Federal Law Gives Jeb Bush Final Say in Presidential Election

Jeb Could Appoint Electors for Shrub

DECEMBER 8—Florida governor Jeb Bush may yet trump the state supreme court, which today backed Al Gore's request for a manual recount of so-called undervotes. Under the federal Electoral Count Act of 1887, the governor of a state has final say over the slate of electors.

On November 26, Jeb Bush signed the certificate naming a roster of 25 electors pledged to support his brother George W.

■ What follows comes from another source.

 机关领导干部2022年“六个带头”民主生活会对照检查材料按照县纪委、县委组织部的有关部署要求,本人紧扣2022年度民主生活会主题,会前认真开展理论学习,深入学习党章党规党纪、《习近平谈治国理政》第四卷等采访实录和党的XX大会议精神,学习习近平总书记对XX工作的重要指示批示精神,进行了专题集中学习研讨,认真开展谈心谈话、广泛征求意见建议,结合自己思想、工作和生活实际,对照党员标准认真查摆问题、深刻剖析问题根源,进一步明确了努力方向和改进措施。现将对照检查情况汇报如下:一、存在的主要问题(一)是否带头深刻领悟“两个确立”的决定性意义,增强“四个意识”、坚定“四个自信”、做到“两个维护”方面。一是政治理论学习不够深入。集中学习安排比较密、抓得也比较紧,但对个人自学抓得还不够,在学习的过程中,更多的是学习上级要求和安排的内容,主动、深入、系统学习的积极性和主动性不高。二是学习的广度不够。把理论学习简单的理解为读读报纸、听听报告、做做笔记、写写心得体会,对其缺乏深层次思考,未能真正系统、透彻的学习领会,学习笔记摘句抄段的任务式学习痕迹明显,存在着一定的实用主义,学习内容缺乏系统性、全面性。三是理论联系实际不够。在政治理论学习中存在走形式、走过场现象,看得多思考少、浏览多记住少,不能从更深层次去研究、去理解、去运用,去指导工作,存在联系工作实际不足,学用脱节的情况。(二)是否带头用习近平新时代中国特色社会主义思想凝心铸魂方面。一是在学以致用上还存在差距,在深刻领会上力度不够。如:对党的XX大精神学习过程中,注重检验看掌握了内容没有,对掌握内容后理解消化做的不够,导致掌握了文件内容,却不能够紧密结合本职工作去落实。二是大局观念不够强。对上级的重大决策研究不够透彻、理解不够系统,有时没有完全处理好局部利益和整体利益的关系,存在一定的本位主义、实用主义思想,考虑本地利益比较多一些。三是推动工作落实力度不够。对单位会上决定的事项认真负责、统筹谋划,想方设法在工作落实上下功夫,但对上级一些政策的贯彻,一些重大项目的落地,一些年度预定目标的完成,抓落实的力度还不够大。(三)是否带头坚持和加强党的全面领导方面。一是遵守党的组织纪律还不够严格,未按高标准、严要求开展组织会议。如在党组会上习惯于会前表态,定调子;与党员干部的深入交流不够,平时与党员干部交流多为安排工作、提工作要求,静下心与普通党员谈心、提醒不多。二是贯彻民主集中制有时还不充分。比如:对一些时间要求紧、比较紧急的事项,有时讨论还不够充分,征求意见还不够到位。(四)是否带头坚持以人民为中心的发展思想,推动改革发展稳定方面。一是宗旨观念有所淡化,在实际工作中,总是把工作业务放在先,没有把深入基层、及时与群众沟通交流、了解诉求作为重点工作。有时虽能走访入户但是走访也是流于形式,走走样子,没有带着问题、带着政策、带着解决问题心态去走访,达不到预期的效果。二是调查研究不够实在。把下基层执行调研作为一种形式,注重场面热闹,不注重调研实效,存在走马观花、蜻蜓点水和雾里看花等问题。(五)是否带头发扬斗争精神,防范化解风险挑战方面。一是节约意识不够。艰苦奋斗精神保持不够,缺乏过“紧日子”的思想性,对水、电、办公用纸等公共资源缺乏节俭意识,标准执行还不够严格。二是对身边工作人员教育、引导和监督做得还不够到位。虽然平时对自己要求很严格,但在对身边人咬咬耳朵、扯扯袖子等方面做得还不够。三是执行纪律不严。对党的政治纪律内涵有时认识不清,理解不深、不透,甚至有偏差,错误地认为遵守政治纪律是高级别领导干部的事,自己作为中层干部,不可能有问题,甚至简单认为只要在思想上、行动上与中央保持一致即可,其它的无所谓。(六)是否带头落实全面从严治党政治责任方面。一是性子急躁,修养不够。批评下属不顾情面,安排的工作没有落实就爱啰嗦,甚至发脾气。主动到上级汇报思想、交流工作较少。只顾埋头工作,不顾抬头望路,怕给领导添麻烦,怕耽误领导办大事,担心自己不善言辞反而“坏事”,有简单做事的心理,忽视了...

The certification is on file at the National Archives, along with certifications from the other states. If the Florida legislature decides to name its own slate of George W. Bush electors, that would only add emphasis to Jeb Bush's earlier action, but wouldn't settle the question of how Florida's vote should be decided.

The continued standoff between the judicial, legislative, and administrative branches threatens to tumble into Congress, where both the House and the Senate would have to decide which of two slates of electors is valid. If the chambers vote along current party lines, the House would pick the slate supporting Shrub; in the Senate, the tie-breaking vote would be cast by Gore himself and result in a decision for a Democratic slate.

If the chambers do in fact disagree, then the Electoral Count Act specifies that the electors chosen by the governor—Jeb Bush—shall be accpetd.